Of course there's your usual nonsense. Wouldn't the endless S.W.A.T. guys coming down inside from the roof have heard the cries of their comrades getting ripped to pieces? Did the filmmakers have to use the ole boring explosive fireball finale? Why would the monster explode like it does? How desperate is the Museum's coffers when it hosts a new public exhibition on the site of several recent deaths? Wouldn't that scare people away? Wouldn't the local press crucify the Museum? Also, why does this genre always demand simplistic dynamics where you have both a secular atheist face off with a supernatural believer? Why can't we have science and religion accept each other for what they are: two seperate bodies of knowledge that both explain universe in their own fashion, but not each other. Let's be mature about this and not go Intelligent Design, okay?
Also, maybe its my progressive friends rubbing off on me finally, but I think RELIC might be just a tad racist. Miller at one point calls Lo a "gerbil" so? Lo is Asian. People, doesn't that come off as.....in bad taste? I wouldn't be shocked if the original screenplay had her call him a "lizard" or "snake" or whatever derogatory term for any sneaky rat bastard backstabber in the workplace. But once that Asian actor was casted, they had to change the script and replace such obvious prejudicial symbology....and I don't think it worked. For the record, I don't think Asian people shouldn't in anyway be compared to those harmless little cute pets that which Richard Gere and Elton John have been accused of shoving up a particular body orifice. I mean would you call Bruce Lee a gerbil to his face?
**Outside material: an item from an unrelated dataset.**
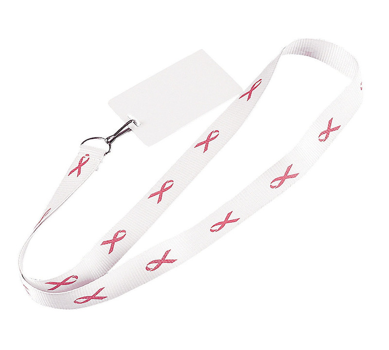These Breast Cancer Awareness Lanyards make for good giveaways at fundraisers and events. These white lanyards feature repeating pink ribbons, with a metal clip. Package includes 1 count lanyard measuring 32in, badge not included.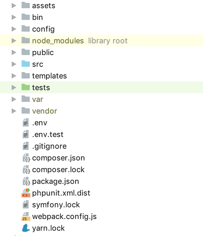 `symfony/webpack-encore-bundle symfony/form symfony/orm-pack symfony/profiler-pack symfony/security-bundle symfony/twig-bundle symfony/validator symfony/phpunit-bridge` — минимальный джентельменский набор. На данный момент структура папок у вас должна быть такая:

So THE RELIC isn't rocket science, but Hyams helms a pretty effective creature feature. I was involved, I was intrigued, and I was at times even tense with anticipation and enjoyed the thrills. I enjoyed a movie produced back when Tom Sizemore had the right to call himself Tom Sizemore, and back Miller actually had a career at the movies and showed her nice boobs and legs off in Brian DePalma's CARLITO'S WAY. No boobies here in RELIC, but her character is a bit of a boob, though I don't think she can blame the script. Unfortunately I've seen Sizemore's current manboobs, and that image was more scary than that monster. I'm sure even it saw a glimpse of that sex tape, it would crawl away into a fetal position and suck its thumb.
Too bad Sizemore's career is a relic now.